第九則 【趙州四門】 じょうしゅうしもん

垂示にいわく、明鏡がその台にのっているとき、美しいこと醜いことは (妍醜) 鏡がおのずから話しかけてきます (辨)。それを手に持って (※※在手)、生死にかかわる時に (殺活臨時) 臨みます。漢人が去り胡人来て、胡人が来て漢人が去ります。死中に活を得、活中にも死を得ます。

さあ言いましょう、いまこの場所にいてどうするのか? (且道到這裏、又作麼生)。もし仏の関所を透かし見ることのできる眼で、その行き着く場所を知ることができなければ (若無透關底眼轉身處)、ここに到ってほとけを明らかにしようとしてもどうにもなりません (灼然不奈何)。さあ言いなさい、如何なるかこれ関所を見透す眼とは (透關底眼)、その行き着く先とは (轉身處)。たとえばこんな話があるので考えてみてください。


僧が趙州に問う
「如何なるか是れ趙州 」
趙州いわく
「東門、西門、南門、北門 」

句裏呈機劈面來、
爍羅眼絶纖埃。
東西南北門相對、
無限輪鎚撃不開。

言葉の裏側にほとけのはたらきが現れると、その顔を二つに引き裂いてなにものかがやって来ます、
うすく半分に開いた眼がキラリと光り、どんなこまかいホコリでさえもすべて消滅してしまいます。
東西南北の門は相対して (その内なるものを包み)、
無限にそのかんぬきに槌を回し撃ちつづけたとしても門を開けることはできません。

※明鏡は上級者になるとあらわれる透明感のあるほとけで、初心者レベルならホコリだらけの古鏡でしょうか、漢人は俗物感覚、胡人 (インド人) はほとけ感覚の比喩です。殺活と死活は生死が一体で区別できないこころの状態であり、透關底眼は仏世界の入り口を関所にたとえますが、ここに入るためには理屈ではなくてその仕組みを透かして見ることが必要とされ、 「通」 でなく 「透」 の字であることに注意します。

問答にある四門は、趙州和尚が仏世界へ通じる門そのものであって、東西南北どの方角からやって来てもわたしがほとけの世界へ導いてあげますよ、という感じ。もちろん他のすべての宗派を仏門とすれば、どの宗派も門が違うだけで同じほとけを目指しているのだ、という一般表現からの引用です。
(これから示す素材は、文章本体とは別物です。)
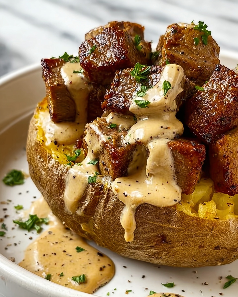 When the potatoes are ready, carefully slice them open and fluff the insides with a fork to create a cozy bed for all the delicious toppings. Pile on the seared steak bites generously, then lavish the whole thing with that heavenly Parmesan cream sauce. Each bite offers a crispy skin, a tender, savory steak piece, and that rich, cheesy sauce — pure comfort in every forkful.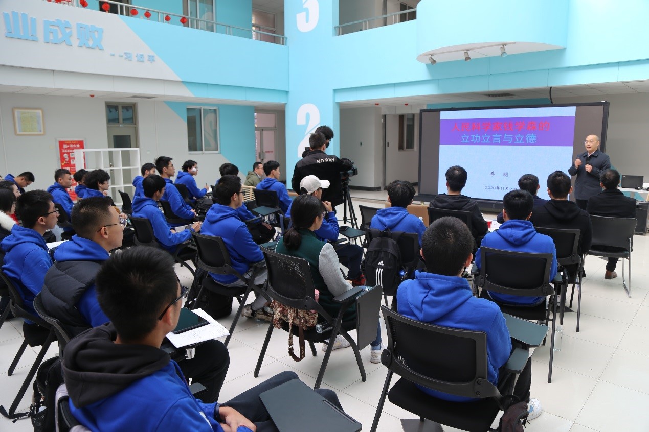 “中国古代将‘立德、立言、立功’视为人生‘三不朽’,宋代大儒张载认为读书人的最高目标是‘为天地立心,为生民立命,为往圣继绝学,为万世开太平’”,李明先生引经据典,以中华优秀传统文化开篇引出钱学森的传奇人生。在报告中他通过“志存高远、奋发学习”“矢志科学、胸怀祖国”“筚路蓝缕、艰苦创业”三部分深入浅出地介绍了钱学森的治学精神、报国情怀和科学事业。与此同时,他以立功、立言与立德三个层次详细分析了钱学森为我国科技发展、国防建设和航天事业做出的卓越贡献以及不为富贵功名、超凡脱俗的品德风范。李明表示,五年归国路,十年两弹成,钱学森院士这样一位为中华民族崛起立功、立言、立德“三不朽”的人民科学家,他的人生经历将永远激励我们不畏艰险、勇攀高峰,在中华民族从站起来富起来到强起来的伟大实践中接续奋斗。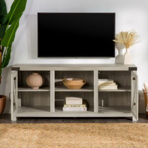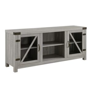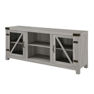 Modern Farmhouse Glass Door TV Stand for TVs up to 65″, Stone Grey: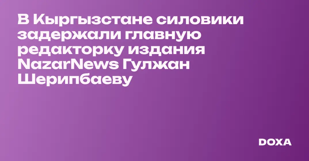 16 ноября в Кыргызстане силовики задержали главную редакторку издания NazarNews Гулжан Шерипбаеву. До этого из офиса редакции ее забрали на допрос, который продолжался около пяти часов. Брат журналистки Майрамбек Каримов сообщил, что ее задержали на 48 часов. Шерипбаева находится в Государственном комитете национальном безопасности, куда сейчас направляется ее адвокат.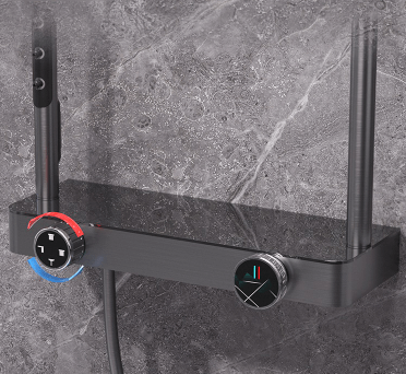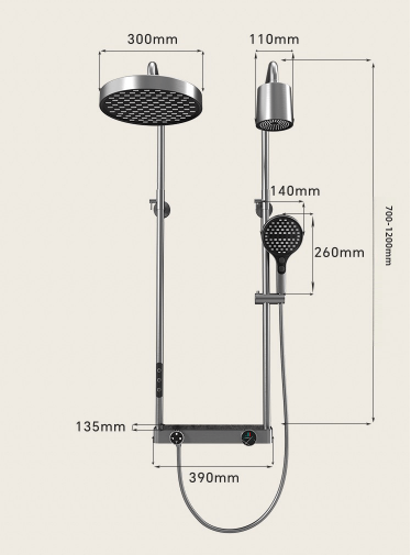 Zostava obsahuje dve hlavice – veľkú dažďovú sprchu na vrchu a ručnú sprchu po strane. Celkovú výšku nastavíš podľa potreby v rozsahu 90 až 100 cm, aby vyhovovala tvojej postave. Teplotu a výber výtoku reguluješ cez dve samostatné kolieska s prehľadným označením.

詩文はじめの二行は、意識の起こるはじめの一瞬をとらえることができれば、そのとき顔が二つに引き裂かれ、中から迦葉尊者があらわれその半眼がキラリと光るとき、この世の対象物はすべて消え去りほとけ世界に変容するという、ハリウッド3DCGばりなイメージの定番表現です、後ろ二行は唐の都が城壁都市でその中央の目抜き通りを出入りする四つの門には厳重にかんぬきがかけられ、そう簡単には破られないものだったという意味のようですね。